The associate professor of finance will use the grant to expand her research efforts on global dollar funding markets.
- By
- February 16, 2021
- Faculty Impact
Wenxin Du, associate professor of finance and a Fama Faculty Fellow, has been awarded a Sloan Research Fellowship for 2021.
The fellowships, which are sponsored by the Alfred P. Sloan Foundation, are awarded annually to 128 nontenured scientists and scholars in the United States and Canada who demonstrate what the foundation describes as “outstanding promise.”
The fellowships include a $75,000 grant that is distributed over two years.
Wenxin Du, who is also a faculty research fellow at the National Bureau of Economic Research and a research affiliate at the Centre for Economic Policy Research, said she will use the grant to expand her research efforts on global dollar funding markets.
“My current research agenda started in a rather esoteric corner of the foreign exchange markets called covered interest rate parity deviation,” she said. “I am quite proud that I have transformed this esoteric corner into a closely watched barometer for global capital markets.”
The Sloan Research Fellowship, she added, “gives further credibility that this line of research is not a niche topic but is, in fact, an area of broad interest and relevance.”
In order to qualify for a fellowship, candidates must first be nominated by a department head or senior researcher.
“Professor Du is an exceptionally talented and influential researcher. For the questions Wenxin explores, it is essential to get the details of the institutional setting right. She has a unique talent for combining exceptional empirical skills with detailed institutional knowledge.”
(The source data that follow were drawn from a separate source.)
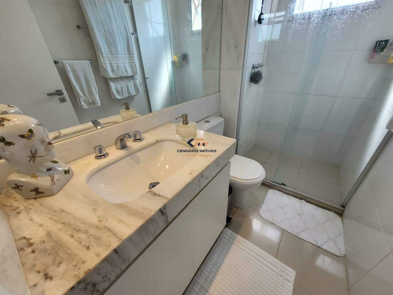 Apartamento de 2 quartos para locação no Edifício Cennário, torre paisagem, no Vila da Serra em Nova Lima-MG. Próximo ao Hospital Vila da serra. Prédio: Fachada revestida em textura mineralizada com detalhes em cerâmica, hall social decorado, portaria 24 horas, quadra poliesportiva, quadra de tênis, piscinas adulto e infantil, salão de jogos, fitness, espaço gourmet, lounge, brinquedoteca, praças, mirantes, espaço zen, spa, jardins, gazebo gourmet, pet-play, 02 vagas de garagem. Apartamento: Sala para dois ambientes, piso em porcelanato, teto rebaixado com projeto de iluminação, varanda incorporada a sala, (um dos quartos transformados em escritório), 1 quarto suíte, com armários, piso em laminado. Banho com piso e bancada em mármore, armários, box, espelhos, Cozinha americana com bancada em granito, armários, Área de serviço.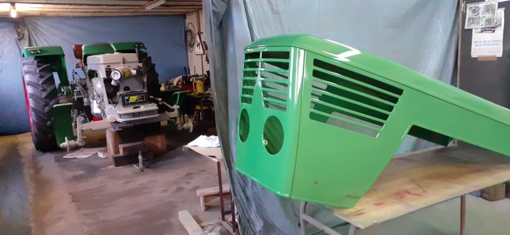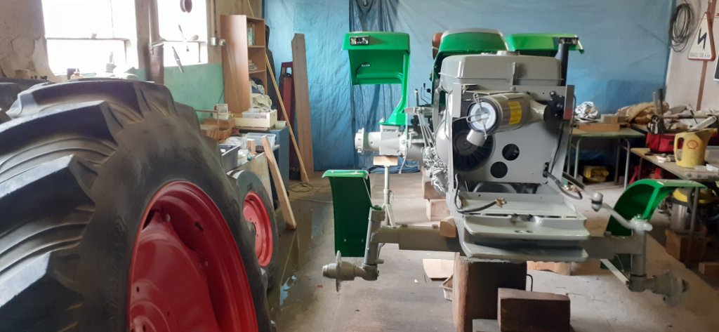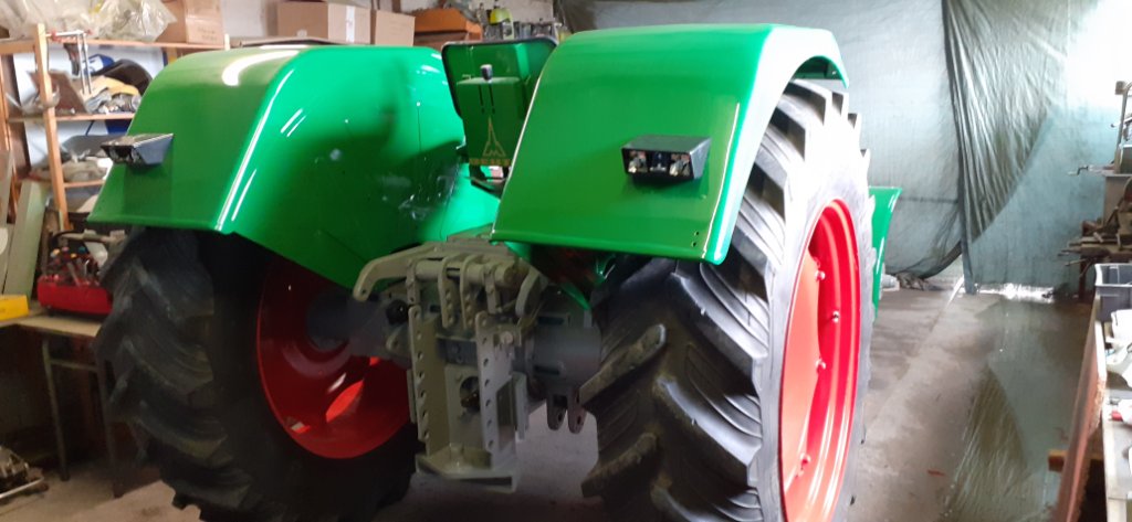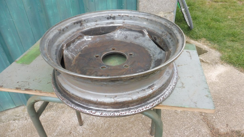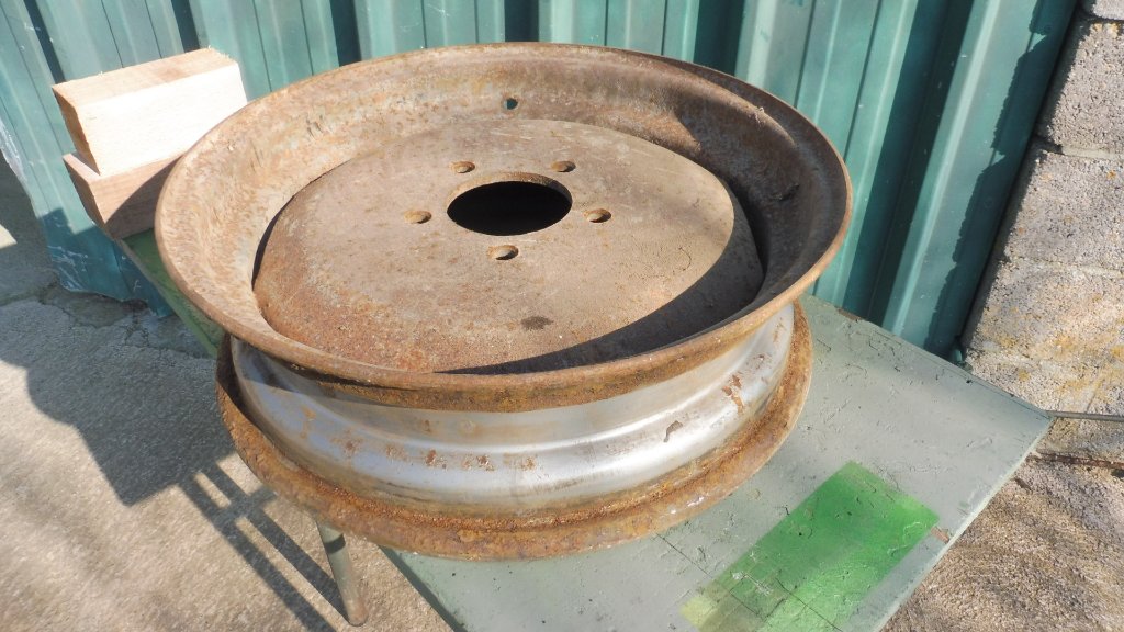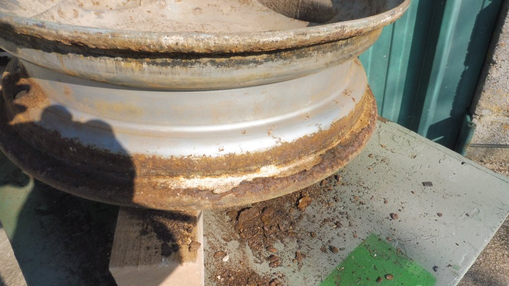 La jante est bien arrivée. Un premier nettoyage avant sablage et elle sera bientôt toute propre. On pourra bientôt reposer le tracteur sur ses 4 roues !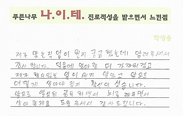 나이테 진로상담 후기(대구, 중 검정고시) 학생 페이지 정보 작성자 관리자 작성일19-11-22 15:50 조회5,393회 댓글0건 이전글 다음글 목록 본문 제가 맞는 직업이 뭔지 궁금했는데 알려주셔서 감사합니다. 덕분에 엄마랑 더 가까워졌고 제가 할 수 있는 일이 뭔지 알았고 앞으로 어떻게 살아야 될지 확신이 섰습니다. 앞으로 열심히 공부하면서 뇌를 깨우면서 살아갈게요. 도움주셔서 감사드립니다. 댓글목록 등록된 댓글이 없습니다. 이전글 다음글 목록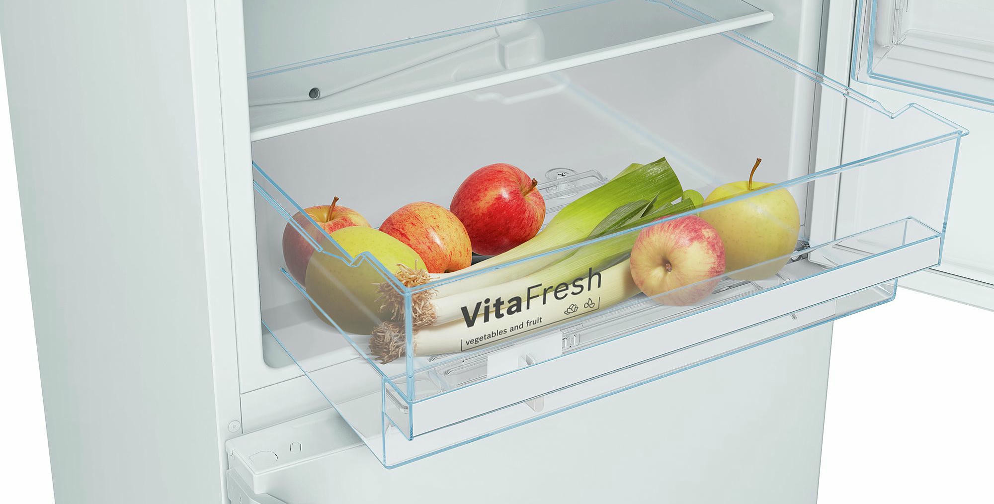 Двухкамерный холодильник Bosch KGV36XW2O отличается тихой работой, он издает шум всего 38 дБ. Технология NatureCool обеспечивает оптимальный уровень влажности в и поддерживает натуральную свежесть продуктов. Система VarioXL позволяет организовать внутреннее пространство с учетом потребностей пользователя.

Ralph Koijen, the AQR Capital Management Distinguished Service Professor of Finance and a Fama Faculty Fellow, nominated Professor Du.
“Professor Du is an exceptionally talented and influential researcher,” he said. “For the questions Wenxin explores, it is essential to get the details of the institutional setting right. She has a unique talent for combining exceptional empirical skills with detailed institutional knowledge.”
He added that Professor Du’s most influential work “focuses on the interactions between financial institutions and asset markets and the ongoing challenges faced by monetary policymakers and financial regulators around the world.”
The candidates for Sloan Research Fellowships are judged by various selection committees. This year’s Economics Committee consisted of Andrew Atkeson of the University of California at Los Angeles, Judith Chevalier of Yale University, and Matthew Gentzkow of Stanford University.
The fellowship is the latest of several awards Professor Du has received over the past few years. The others include the Amundi Pioneer First Prize and the AQR Insight Award. Her work has also been featured on Bloomberg and in the Economist, the Financial Times, and the Wall Street Journal.
Professor Du joined Booth in 2019 after a five-year stint as principal economist for the Board of Governors of the Federal Reserve System.
“After five years at the Fed, I was ready to give academia a try,” she said. “Booth offered the best possible opportunity for me to make the transition. What I like most are the people. We have extremely talented faculty, excellent support, and great students. The research machinery is very efficiently run here. It is indeed a great place to work.”